Entries taken from a collection
^^^^

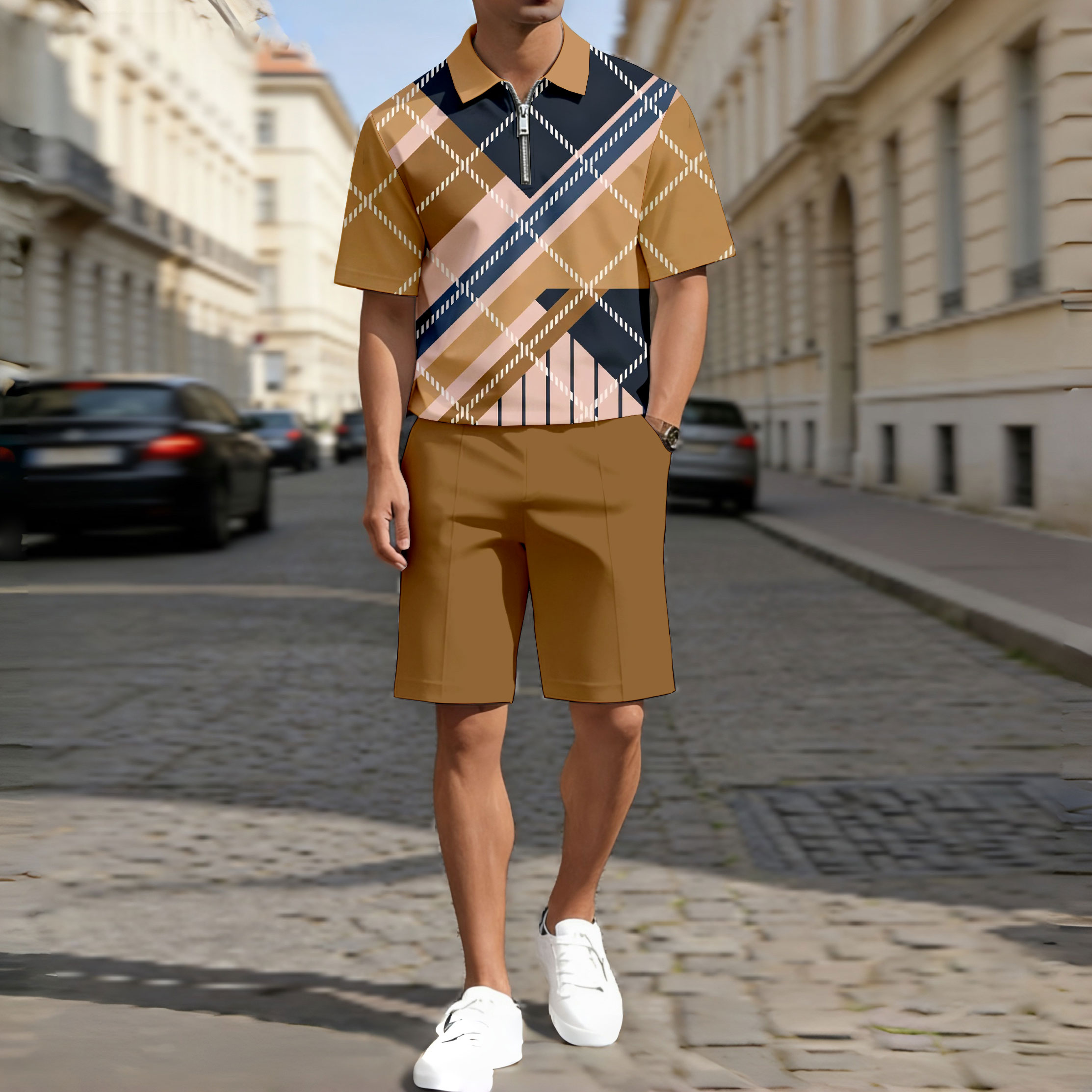 Men's Casual Brown Multi Color Matching Checked Printed Zipper Short Sleeved Polo Shirt & Five-Point Pants Two-Piece Set
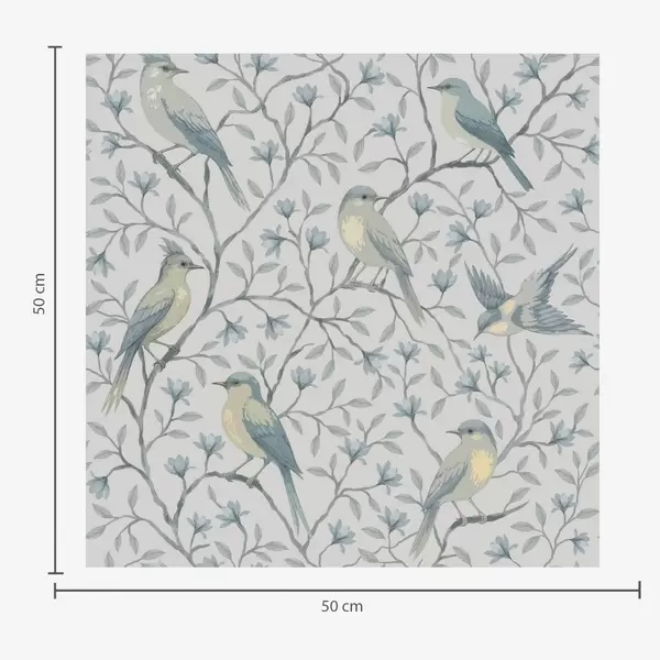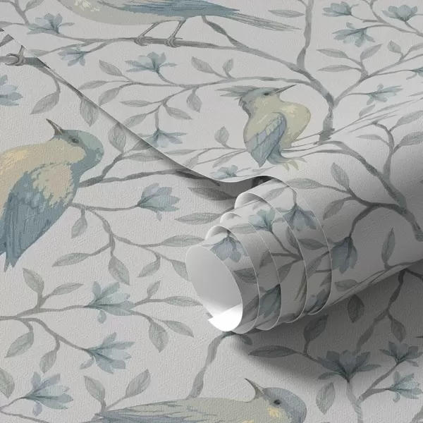 Tapeta Ptáci na větvích, šedo-modrá barevná kombinace Nr. a00782
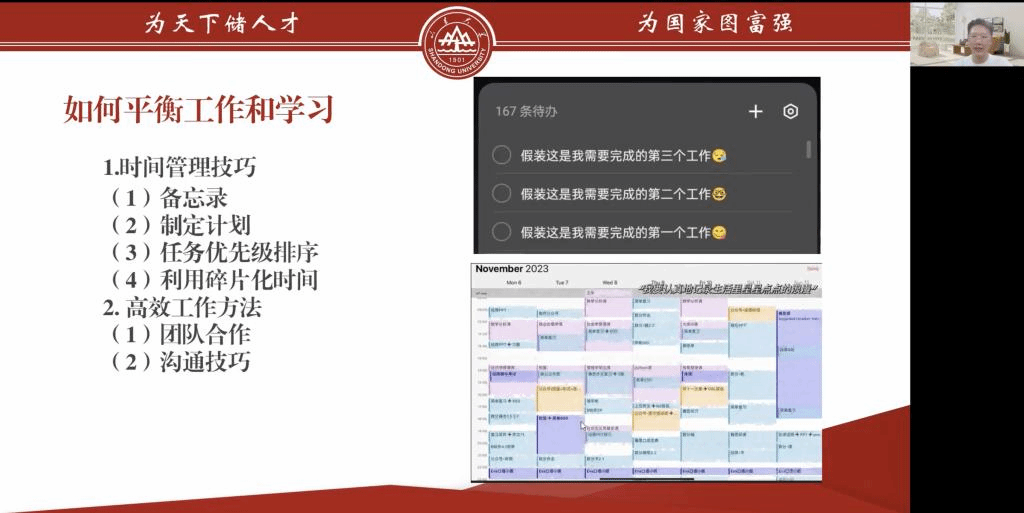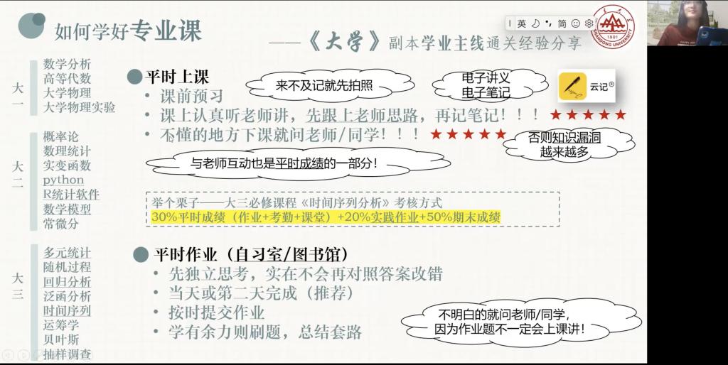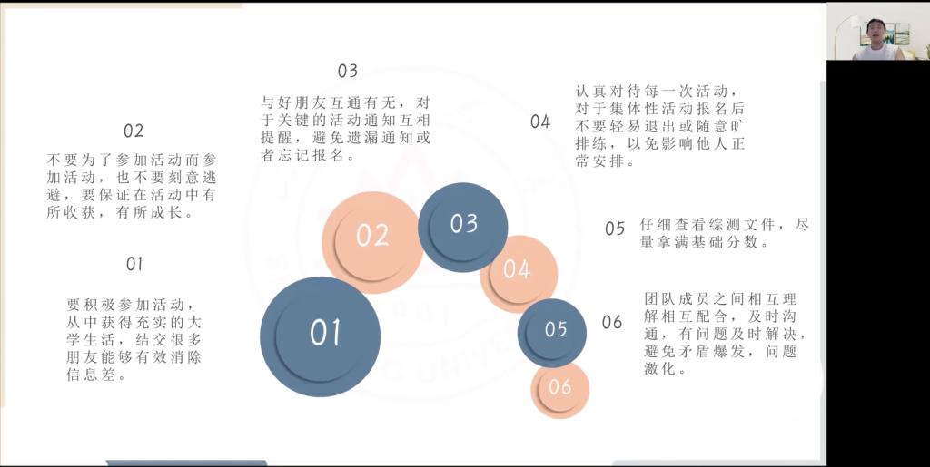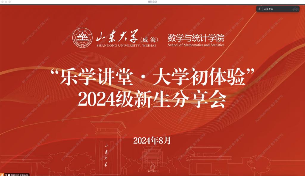 本站讯 为帮助2024级新生提前了解大学生活,尽快融入学院专业,掌握学习方法,思考大学规划,8月25日晚,爱游戏ayx官方网站于线上举办“乐学讲堂·大学初体验”2024级新生分享会暨第二十五期“励志周末”活动。学院2021级本科生潘亚君、宋绪涛,2022级本科生张维佳、刘宇昊、王震豪作专题经验分享,分享会由学院新生辅导员陈楷丰主持。
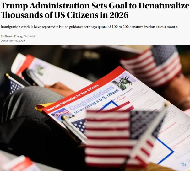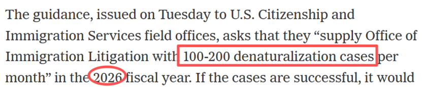 根据《纽约时报》(The New York Times)报道,特朗普政府最新内部指导方针要求,USCIS自2026年起,每月向移民诉讼办公室提交约100至200起国籍撤销案件,全年目标超过1000起。
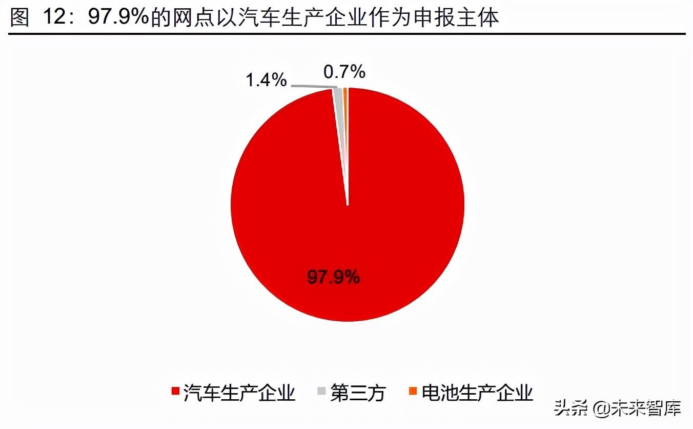 国家政策明确汽车生产企业作为回收责任主体。2019 年 11 月工信部发布《新能源汽车 动力蓄电池回收服务网点建设和运营指南》,提出新能源汽车生产及梯次利用等企业应 按照国家有关管理要求通过自建、共建、授权等方式建立回收服务网点,新能源汽车生 产、动力蓄电池生产、报废机动车回收拆解、综合利用等企业可合作共用回收服务网点。 目前在工信部公布的新能源汽车动力蓄电池回收服务网点信息中,从申报主体来看,汽 车生产企业申报的网点在 1.4 万个网点中占比达到 97.9%,从网点形式来看,汽车销售 公司和汽车修理中心占比分别为 79.3%、14.7%,汽车生产企业在回收体系中占据优势。
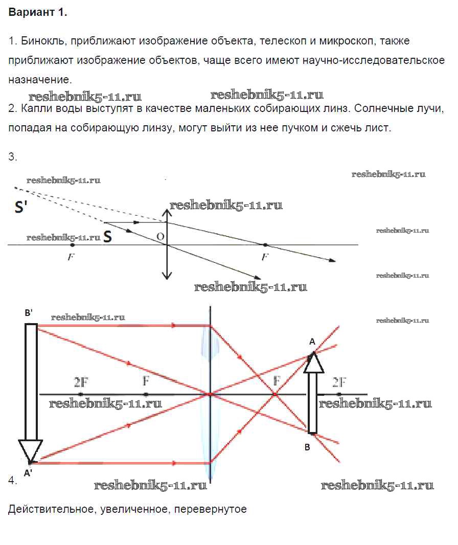 Готовая домашняя работа с ответами по Физике за 8 класс Громцева Контрольные и самостоятельные работы УМК Экзамен 2017 ФГОС - СР №48. Линзы. Оптическая сила линзы. Глаз и зрение вариант-1
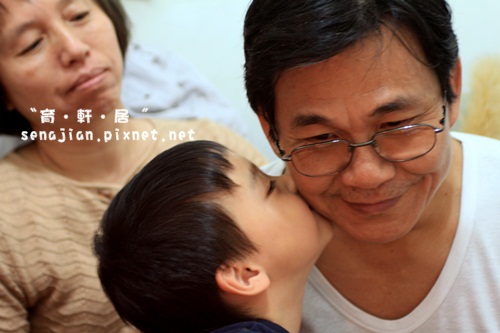 回到家,老媽買了薔薇派幫老爸慶生,開開心心的度過生日,軒賞外公一枚香吻喔!
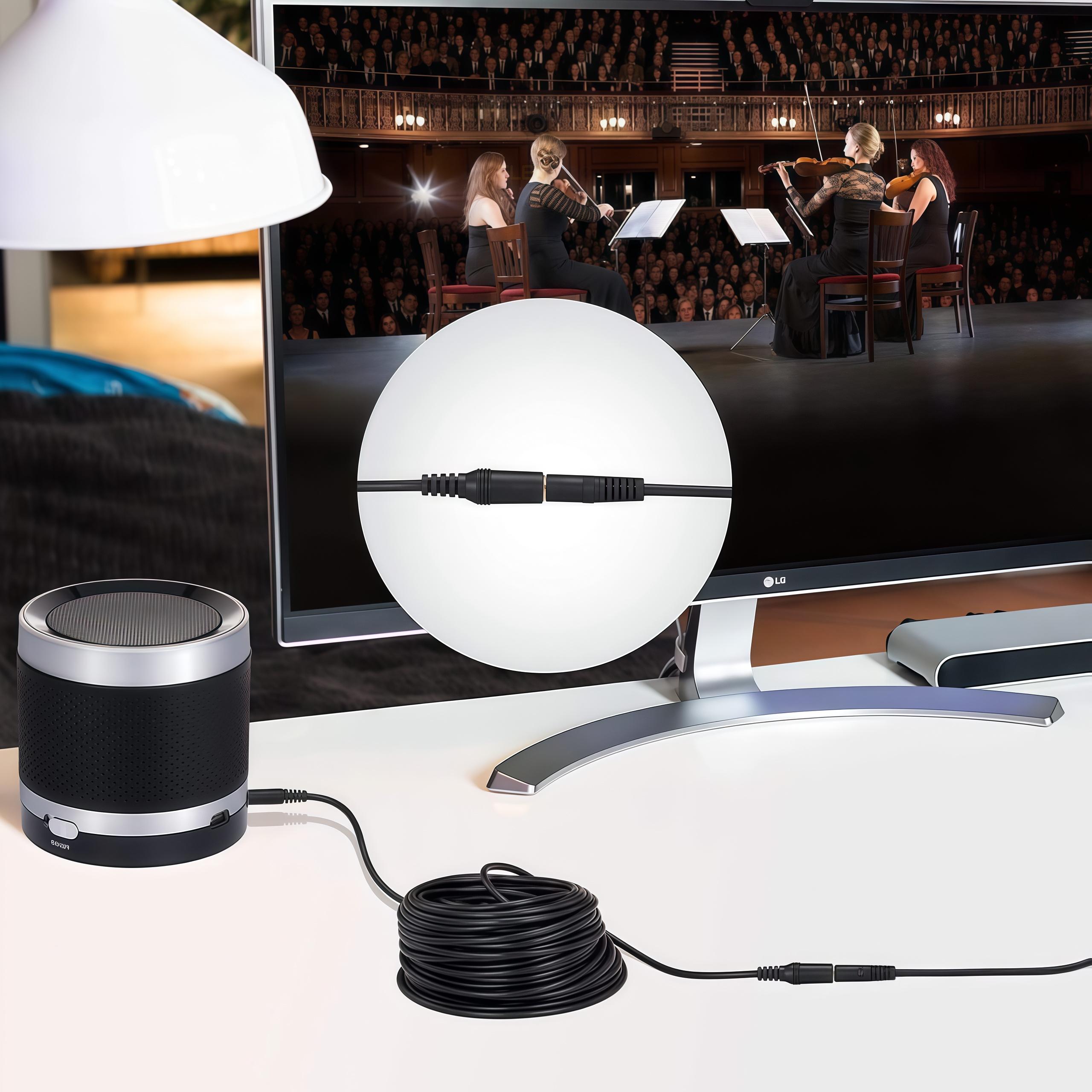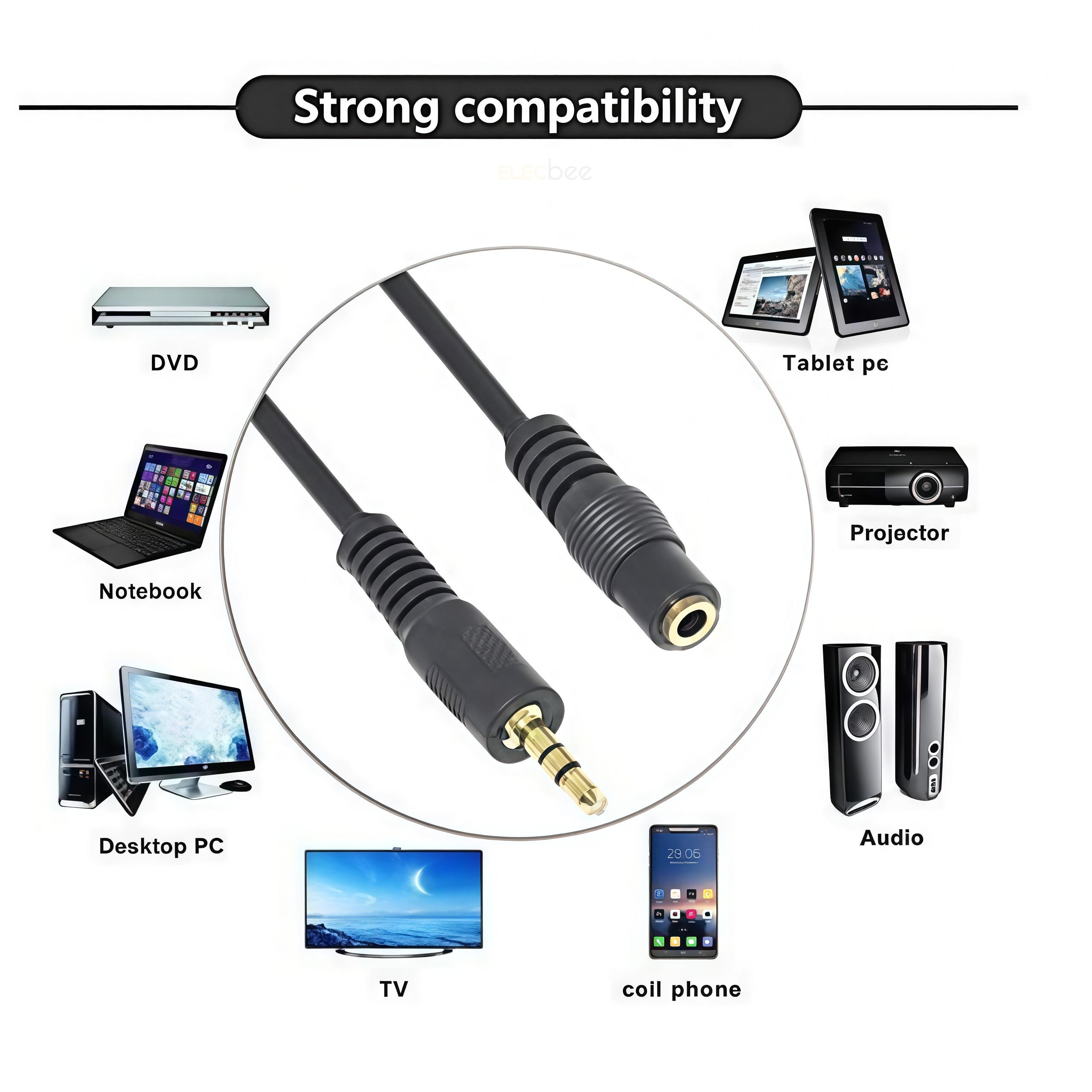 3.5mm audio extension cable extends the connection between your iPhone, iPod, MP3 player, DVD, smartphones, tablet, laptop, smart tv, echo dot or any other 3.5mm aux port equipped devices to your headphone, earphone, amplifier, speaker, car stereo or home theater system etc, making music play without location and time limitations.
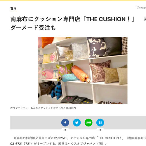 2015年12月22日の「六本木経済新聞」にてハウスオブジャパン運営クッション専門店「THE CUSHION JAPAN(ザ クッション ジャパン)」が紹介されました。
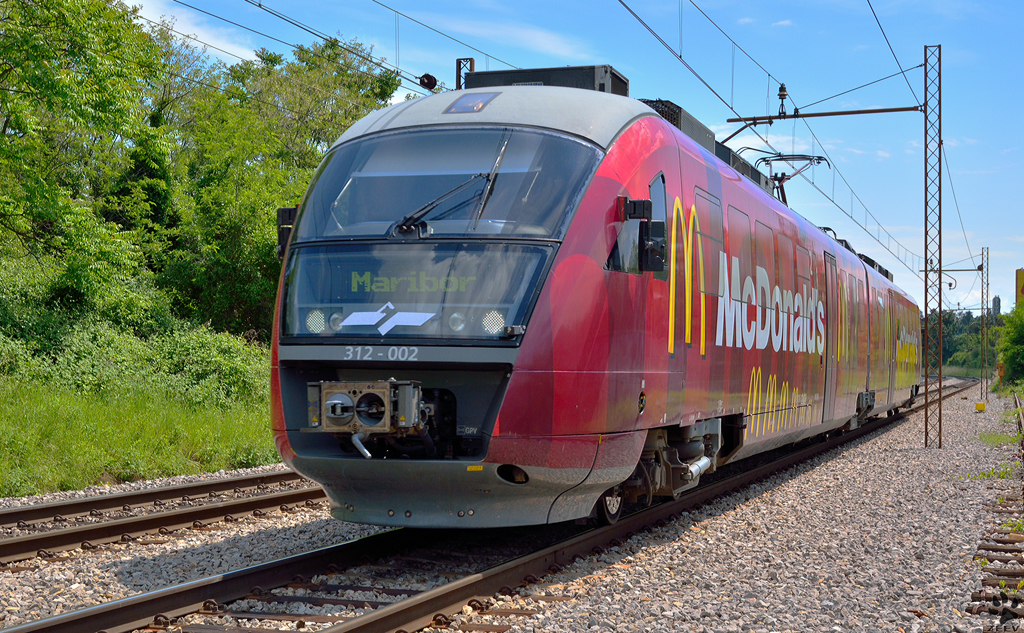 Triebwagen 7121 030 bei der Ausfahrt aus Zabok im Verlauf der Strecke Zagreb-Varazdin / 03.06.2012.
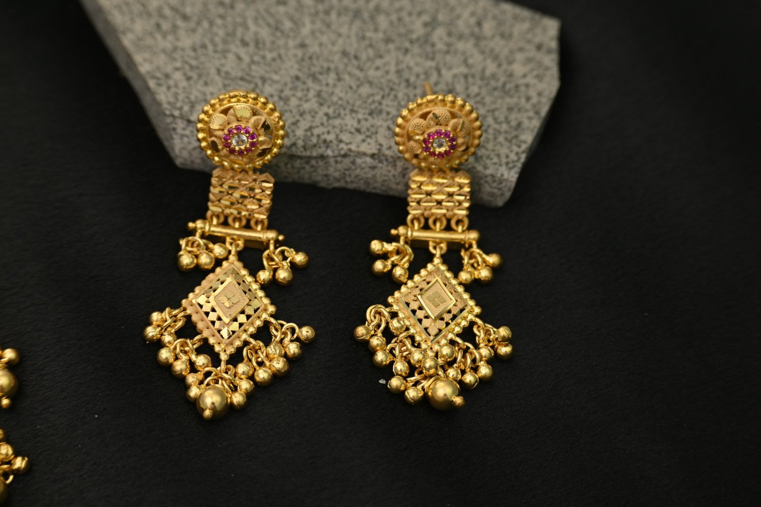 11. The top part of the earrings has floral work and a similar textured finish, making them perfect companions to the necklace.
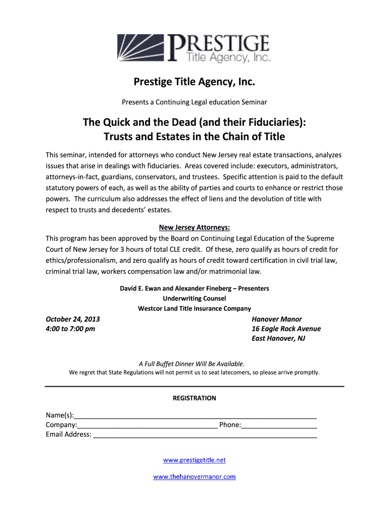 Prestige Title Agency, Inc. Presents a Continuing Legal education Seminar The Quick and the Dead (and their Fiduciaries): Trusts and Estates in the Chain of Title This seminar, intended for attorneys

^^^^

YOUR OBJECTIVE
Print the data above exactly, from its first line to the line bearing "国家政策明确汽车生产企业作为回收责任主体。2019 年 11" inclusive, and keep pictures out of the result.

RESULT OF THIS EXERCISE
 Men's Casual Brown Multi Color Matching Checked Printed Zipper Short Sleeved Polo Shirt & Five-Point Pants Two-Piece Set
 Tapeta Ptáci na větvích, šedo-modrá barevná kombinace Nr. a00782
 本站讯 为帮助2024级新生提前了解大学生活,尽快融入学院专业,掌握学习方法,思考大学规划,8月25日晚,爱游戏ayx官方网站于线上举办“乐学讲堂·大学初体验”2024级新生分享会暨第二十五期“励志周末”活动。学院2021级本科生潘亚君、宋绪涛,2022级本科生张维佳、刘宇昊、王震豪作专题经验分享,分享会由学院新生辅导员陈楷丰主持。
 根据《纽约时报》(The New York Times)报道,特朗普政府最新内部指导方针要求,USCIS自2026年起,每月向移民诉讼办公室提交约100至200起国籍撤销案件,全年目标超过1000起。
 国家政策明确汽车生产企业作为回收责任主体。2019 年 11 月工信部发布《新能源汽车 动力蓄电池回收服务网点建设和运营指南》,提出新能源汽车生产及梯次利用等企业应 按照国家有关管理要求通过自建、共建、授权等方式建立回收服务网点,新能源汽车生 产、动力蓄电池生产、报废机动车回收拆解、综合利用等企业可合作共用回收服务网点。 目前在工信部公布的新能源汽车动力蓄电池回收服务网点信息中,从申报主体来看,汽 车生产企业申报的网点在 1.4 万个网点中占比达到 97.9%,从网点形式来看,汽车销售 公司和汽车修理中心占比分别为 79.3%、14.7%,汽车生产企业在回收体系中占据优势。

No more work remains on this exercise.